In case of error, it will exit with a detailed error message (within the limits of what is provided by the Aptly API).
Usage
With Woodpecker CI
The below pipeline configuration demonstrates simple usage as Woodpecker CI plugin:
pipeline:
publish:
image: brenard/aptly-publish
settings:
api_url: https://your.aptly.tld/api
api_username: myproject
api_password:
from_secret: aptly_api_password
prefix: debian
repo_component: main
repo_name: debian_stable_main
path: dist
source_name: myproject
max_retries: 2
force_overwrite: true
Parameters:
- api_url: Your Aptly API URL (required)
- api_username: Username to authenticate on your Aptly API (required)
- api_password: Password to authenticate on your Aptly API (required)

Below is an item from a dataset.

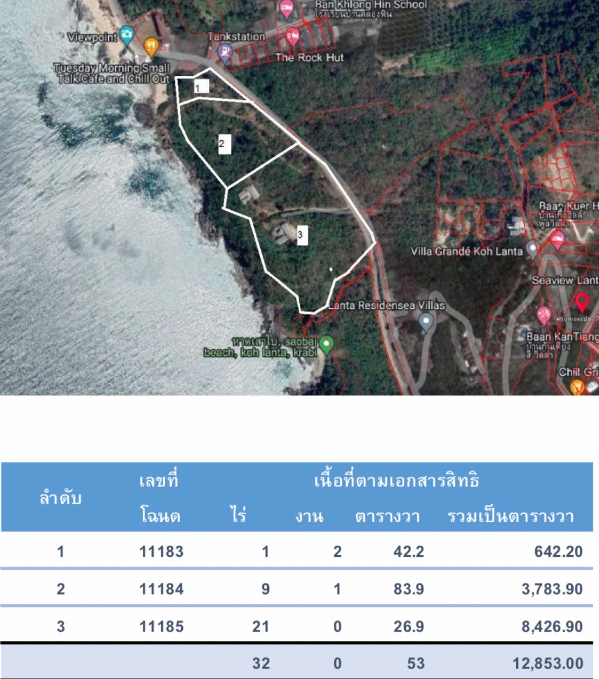 Customer ID: PA0922 Kantiang Bay land for sale, 32 rai, special plot, hard to find. Next to the Andaman Sea Koh Lanta Subdistrict Koh Lanta District Krabi Province Location: Kantiang Bay, Koh Lanta Subdistrict. Koh Lanta District Krabi Province 81150 Land size: 32 rai Details: - 410 meter long frontage to the Andaman Sea - Private beach on 2 sides of the land - 400 meter long road frontage - Large beach front land, hard to find on Koh Lanta - Suitable for a luxury hotel project. Or residences under the brand - Premium sunset view of the Andaman Sea Suitable for: - Luxury beachfront resort - Luxury villa project under the brand - Health retreat or a luxury eco-project (Eco / Green Retreat) - Boutique hotel Additional: - Located at Kantiang Bay on Koh Lanta, sea front land size 32 rai (approximately 51,200 square meters) - This plot offers an outstanding opportunity for developing a luxury resort project or a residential project under a world-class brand - The land has a frontage of up to 410 meters on the Andaman Sea. With 2 private beaches that can only be accessed from within the area. Provides maximum privacy - It also has a 400 meter long road frontage, flexibly supporting the development of large projects Highlights: - Land title deed (Chanote) - Excellent land direction. Suitable for watching the beautiful sunset view - One large plot of land, not divided, suitable for developing a large integrated project (Master-Planned Development) - There is a road within the project that is already under construction, approximately 1 kilometer long - There are 2 partially constructed villas included in the area Selling price (per rai): 17.5 million baht Selling price (total): 560,000,000 Baht Interested contact: Mr Natthaphong : Contact number Gmail : Contact email https://youtu.be/UYykWZxB4tc?si=TznHV7rJl-fJktno Rare 32-Rai Beachfront Land for Sale Kantiang Bay, Koh Lanta, Krabi Prime Andaman Sea Oceanfront Development Opportunity Location : Kantiang Bay, Koh Lanta Subdistrict, Koh Lanta District, Krabi 81150, Thailand Land Size : 32 Rai ( approximately 51,200 square meters ) Property Details : - 410 meters of direct Andaman Sea beachfront - Two private beaches on either side of the property - 400 meters of road frontage - Rare large-scale beachfront land on Koh Lanta - Ideal for luxury hospitality or branded residential development - Premium west-facing orientation with spectacular sunset views Suitable for : - Luxury beachfront resort - Branded luxury villa development - Wellness retreat or eco-luxury (green) project - Boutique hotel Additional Information : - Located in Kantiang Bay on Koh Lanta Island - Exceptional 32-rai (≈51,200 sqm) oceanfront parcel - Outstanding opportunity for a luxury resort or world-class branded residences - 410 meters of ocean frontage with two secluded private beaches accessible only from within the property, ensuring maximum privacy - 400 meters of road frontage, allowing flexible large-scale development Key Highlights: - Freehold Chanote title - Ideal land orientation for magnificent sunset views - Large, single, undivided parcel — perfect for master-planned development - Approximately 1 kilometer of constructed internal road - Includes 2 partially built villas within the property Price per Rai : 17.5 million THB Total Price : 560,000,000 THB Contact : Mr. Nathaphong Phone: Contact number Email: Contact email Drone Video : https://youtu.be/UYykWZxB4tc?si=TznHV7rJl-fJktno

- prefix: The publishing prefix (optional, default:
.
) - repo_component: The component name to publish on (optional, default:
main
) - repo_name: The repository name to publish on. If not specified, it will be computed using the specified prefix and component and the detected package distribution. See above for details.
- path: Path to the directory where files to publish are stored (optional, default:
dist
) - source_name: Name of the source package to publish (optional, default: all
changes
files are will be publish) - max_retries: The number of retry in case of error calling the Aptly API (optional, default: no retry)

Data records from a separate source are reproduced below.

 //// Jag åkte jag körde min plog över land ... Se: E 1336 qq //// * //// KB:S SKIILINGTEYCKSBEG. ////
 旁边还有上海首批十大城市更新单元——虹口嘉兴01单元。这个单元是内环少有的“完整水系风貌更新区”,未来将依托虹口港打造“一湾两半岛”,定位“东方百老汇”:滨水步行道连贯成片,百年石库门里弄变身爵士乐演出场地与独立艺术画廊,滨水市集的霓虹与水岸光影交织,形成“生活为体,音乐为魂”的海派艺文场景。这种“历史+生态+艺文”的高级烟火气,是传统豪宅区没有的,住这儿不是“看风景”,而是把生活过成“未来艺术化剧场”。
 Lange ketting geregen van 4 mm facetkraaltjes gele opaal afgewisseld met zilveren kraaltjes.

- force_overwrite: When publishing, overwrite files in
pool/
directory without notice (optional, default: false)
With Gitlab CI
The following pipeline configuration demonstrates a simple usage to build and publish a debian package:
stages:
- build
- publish
build:
image: debian:11
stage: build
rules:
- if: $CI_COMMIT_TAG
script:
- ./build.sh
artifacts:
paths:
- dist/*
publish:
image:
name: brenard/aptly-publish:latest
entrypoint: ["/bin/sh", "-c"]
stage: publish
variables:
APTLY_API_URL: "https://your.aptly.tld/api"

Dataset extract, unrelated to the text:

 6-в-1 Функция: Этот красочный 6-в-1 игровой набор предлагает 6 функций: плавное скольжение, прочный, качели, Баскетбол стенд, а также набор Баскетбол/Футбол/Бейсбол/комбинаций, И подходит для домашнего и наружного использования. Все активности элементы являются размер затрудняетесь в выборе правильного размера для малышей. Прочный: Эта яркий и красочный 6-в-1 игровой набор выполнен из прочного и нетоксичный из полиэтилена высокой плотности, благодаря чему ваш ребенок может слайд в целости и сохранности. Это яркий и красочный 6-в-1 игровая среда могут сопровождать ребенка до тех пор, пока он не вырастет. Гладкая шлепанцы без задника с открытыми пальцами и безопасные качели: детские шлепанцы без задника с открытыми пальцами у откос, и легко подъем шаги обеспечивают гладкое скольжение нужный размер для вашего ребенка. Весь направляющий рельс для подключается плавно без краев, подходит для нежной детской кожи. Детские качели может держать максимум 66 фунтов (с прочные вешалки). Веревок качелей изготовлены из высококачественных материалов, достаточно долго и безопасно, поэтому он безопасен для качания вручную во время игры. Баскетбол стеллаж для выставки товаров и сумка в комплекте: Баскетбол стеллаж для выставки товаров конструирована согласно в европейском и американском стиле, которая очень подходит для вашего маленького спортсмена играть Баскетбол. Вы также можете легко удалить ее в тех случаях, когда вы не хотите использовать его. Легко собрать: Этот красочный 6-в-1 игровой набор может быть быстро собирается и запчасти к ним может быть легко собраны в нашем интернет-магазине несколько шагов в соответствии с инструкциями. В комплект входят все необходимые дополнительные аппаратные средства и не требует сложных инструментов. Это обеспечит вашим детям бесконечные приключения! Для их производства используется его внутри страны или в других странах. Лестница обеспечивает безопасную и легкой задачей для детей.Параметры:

APTLY_API_USERNAME: myproject
APTLY_PREFIX: "debian"
APTLY_REPO_COMPONENT: "main"
APTLY_REPO_NAME: "debian_stable_main"
APTLY_PATH: "dist"
APTLY_SOURCE_NAME: "myproject"
APTLY_MAX_RETRIES: 2
APTLY_FORCE_OVERWRITE: true
script:
- echo "Publish Bullseye debian packages on APT repository..."
- aptly-publish
needs:
- "build"
rules:
- if: $CI_COMMIT_TAG
The parameters are passed using environment variables as designed with a Woodpecker CI plugin. Consequently, you could refer to the previous section for details about these parameters. For the password to request Aptly API, you have to set the APTLY_API_PASSWORD
CI variable in your Gitlab project configuration (be sure to check Masked variable).
With Forgejo Actions
The following workflow configuration demonstrates a simple usage to build and publish a debian package:
---
name: Build and publish forgejo-runner Debian package
on: [create]
jobs:
build:
steps:
- name: Check out repository code
uses: actions/checkout@v4
- name: Build Debian package
run: ./build.sh
- name: Upload Debian package files
uses: actions/upload-artifact@v3
with:
name: dist
path: |
dist/*.buildinfo
dist/*.changes
dist/*.deb
dist/*.dsc
dist/*.tar.gz
publish:
runs-on: docker
container:
image: docker.io/brenard/aptly-publish:latest
steps:
- name: "Download Debian package files"
uses: actions/download-artifact@v3
with:
name: dist
- name: "Publish Debian package on Aptly repository"
uses: https://gitea.zionetrix.net/bn8/aptly-publish@master
with:
api_url: https://your.aptly.tld/api
api_username: myproject
api_password: ${{ secrets.APTLY_API_PASSWORD }}
prefix: debian
repo_component: main
repo_name: debian_stable_main
path: "./"
source_name: myproject
max_retries: 2
force_overwrite: true
The parameters are passed using environment variables as designed with a Woodpecker CI plugin. Consequently, you could refer to the previous section for details about these parameters. For the password to request Aptly API, you have to set the APTLY_API_PASSWORD
Actions secret in your Forgejo project configuration.